众人悬着的心终于放下。
护士把关雅婷送到icu,关母紧跟其后,走之前,还不忘叫上展霂:“小霂,雅婷一直很喜欢你,要是她醒来能看到你,一定很开心。你们那么多年的感情,她都这样了,你,你能不能陪陪她?”
展霂没做声,沉默地跟在病床后面。
他没看到,关母故意落在他身后,恶狠狠地禁止关卿靠近。
涂美柔和关卿停在半道上,无言地看他们远去。
啊——
很小的呻吟声从关卿的喉咙挣脱出来,裹挟着难以忍受的痛苦,听得涂美柔心肝发颤。
“关卿,你怎么了?”涂美柔焦急蹲下来查看。
一股疼痛突然从关卿的四肢百骸传来,身体像被千万只尖锐的长针狠狠扎穿,密密麻麻,没有遗漏,关卿咬紧牙关,汗如雨下,一阵天旋地转后,关卿彻底失去了意识。
第二天,关卿悠悠转醒,医院里独特的气味充斥在她鼻尖,喉咙火烧般的难受,她下意识道:“水,水……”
“关卿,你说什么?”左郁麟惊喜地站起身,俯在病床边,侧耳朵听。
涂美柔从沙发上弹起,丢掉手中的手机,三步并两步地跑过来:“关卿醒了?”
关卿还没有完全清醒,脑子里混沌一片,身体里对水的极度渴望,让她本能地求救,只是她过于虚弱,嘴巴张开又关闭,连气声都断断续续,让人听不真切。
左郁麟听得焦急,烦躁地连连拍床头的呼叫器,催促医生。
内心的急躁无法宣泄,他来回踱步,余光瞥见桌柜上的水壶,灵光一闪,倒了杯水。
才倒好,涂美柔已经扶起关卿,让关卿靠在她的身上,她抢过左郁麟手里的水杯:“关卿,水来了,张嘴。
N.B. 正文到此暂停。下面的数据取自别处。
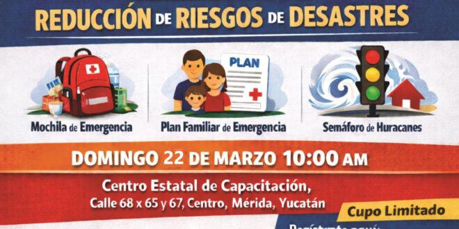 Mérida, Yucatán a 14 de enero de 2026.- La Cruz Roja Mexicana Delegación Yucatán hace una atenta invitación para asistir al taller de Reducción de Riesgos de Desastres para capacitarse sobre el semáforo de huracanes, la mochila y el plan familiar de emergencia. El Referente Estatal de Reducción de Riesgos …
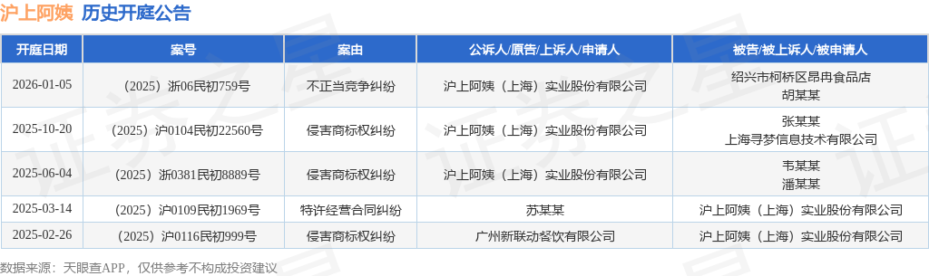 案号:(2025)浙06民初759号根据统计,近一年内以沪上阿姨(上海)实业股份有限公司为当事人的历史开庭公告有5则,其中案由为“侵害商标权纠纷”的公告以3则居首,其次为“不正当竞争纠纷”有1则,“特许经营合同纠纷”有1则。历史开庭公告如下:
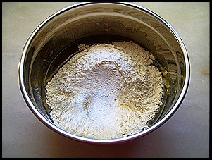 Βάζουμε όλα μαζί τα υλικά σε ένα μπολ και τα ζυμώνουμε.
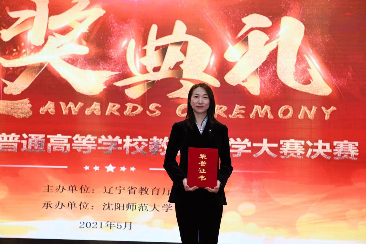 图为韩娇在首届辽宁省教师教学大赛一等奖颁奖典礼现场

”
涂美柔将水杯放在关卿嘴边,微微倾斜,水缓慢流进她的嘴里。关卿一喝到水,像猫见了鱼,嘴巴张得更大了,咕咚咕咚没一会儿就将半杯水喝光。
灌了那么多水下去,彻底清醒:“我怎么了?”
关卿愣住了,她说话了!
“是,我说的?”关卿不敢相信!
因为长时间没有开口,她说话有些艰难,而且声音非常沙哑难听。可对于涂美柔来说,她的声音是最美妙不过的音乐:“对,你能说话了!”
“先让医生检查吧。”左郁麟拉开涂美柔,把位置让给医生。
该做的检查,在关卿昏迷的时候已经做过了,现在医生来确认一遍结论,他询问关卿几个问题,然后扶着关卿坐起来,双脚下地,突然朝她膝盖拍打了一下,关卿的腿下意识向上跳起,医生又换了另一边拍打,也是这样。
他欣慰地对关卿说:“关小姐,恭喜啊,你快要痊愈了!能说话了,手脚也有了意识,只要坚持复健,能恢复到原来的状态。”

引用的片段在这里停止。